Service ended, the priests serving communion somehow knew my name, and then I was back in the rectory. Somehow – and I don’t know how this happened – I have a mental picture of my spiritual father sitting across from me on the patio making a chotki, a prayer rope. Next to me is one of our church’s monastics wearing a klobuk. On the table is a special kind of brandy we found somewhere in the house, and the monastic and I are feasting on it and getting increasingly animated while nerding out to obscure theological trivia as my spiritual father is rolling his eyes. Suddenly, a car pulls up, and the Patriarch walks out of it. HELLO PATRIARCH, we scream a little too loudly. No pictures, Patriarch replies.

Eventually, we are driven to a banquet hall, and I get seated with the monastic’s friends, who all turn out to be conservative pro-life activists. Gingerly, I tell them that I teach Asian American studies, and we start talking about everything except for politics, which is a relief because I do not really feel like getting into the consistent life ethic of the New Pro-life Movement with them. Soon, the food is served, a contest is announced for folks to sing all kinds of silly versions of Mnohaya lita (God grant you many years), and the Patriarch gives a hilarious speech about Fr Roman in which he recounts discovering upon rooming with him once that the man’s musicality extends to snoring symphonically.

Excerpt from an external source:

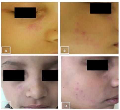 Six-year-old male patient, with no significant personal or family history, who was evaluated by dermatology for a clinical picture of six months of evolution, consisting of erythematosus lesions, located initially in the inner canthus of the right eye, with posterior extension to the cheek. The patient described that with heat, the lesions increased in size and became more erythematous. He did not report additional lesions or symptoms.

The whole while, it turns out that my spiritual father had been seated with the Patriarch, which I’m told made for some interesting conversation because it’s always interesting to have Chinese people in the Kyivan Church. As the banquet came to an end, my spiritual father motioned me up to the table. The room had broken out into the traditional It is truly right to bless you, O God-bearing One, sung so very slowly and hauntingly in Ukrainian that I have come to try to imitate that in English during liturgy.

And then my spiritual father turned to the Patriarch and gestured toward me. This is the first fruit of my ministry, he said. The Patriarch held out his hand to shake mine, but instinctively, I held mine out for a blessing. This seemed to take him aback a bit; maybe I had been better catechized than even I realized. He gave the blessing, I kissed his hand as the icon of Christ blessing me, and he held onto my hand and said: Justin, I want to personally welcome you into our church.

I am under the omophor of my Patriarch. The Kyivan Church is my home. The mantle of the Theotokos who holds her hands up in prayer as the Immovable Wall covers me. In the beautiful chaos of this gathered people, I have found mercy, salvation, and protection. This is what Pokrov means to me.

I realize I am a little late in writing, as Pokrov on the New Calendar is October 1. My only justification is that the celebrations at St Elias also took a few days, and I left Brampton on October 3 last year after yet another lunch at the rectory. The consecration videos can all be found on the website of St Elias Church.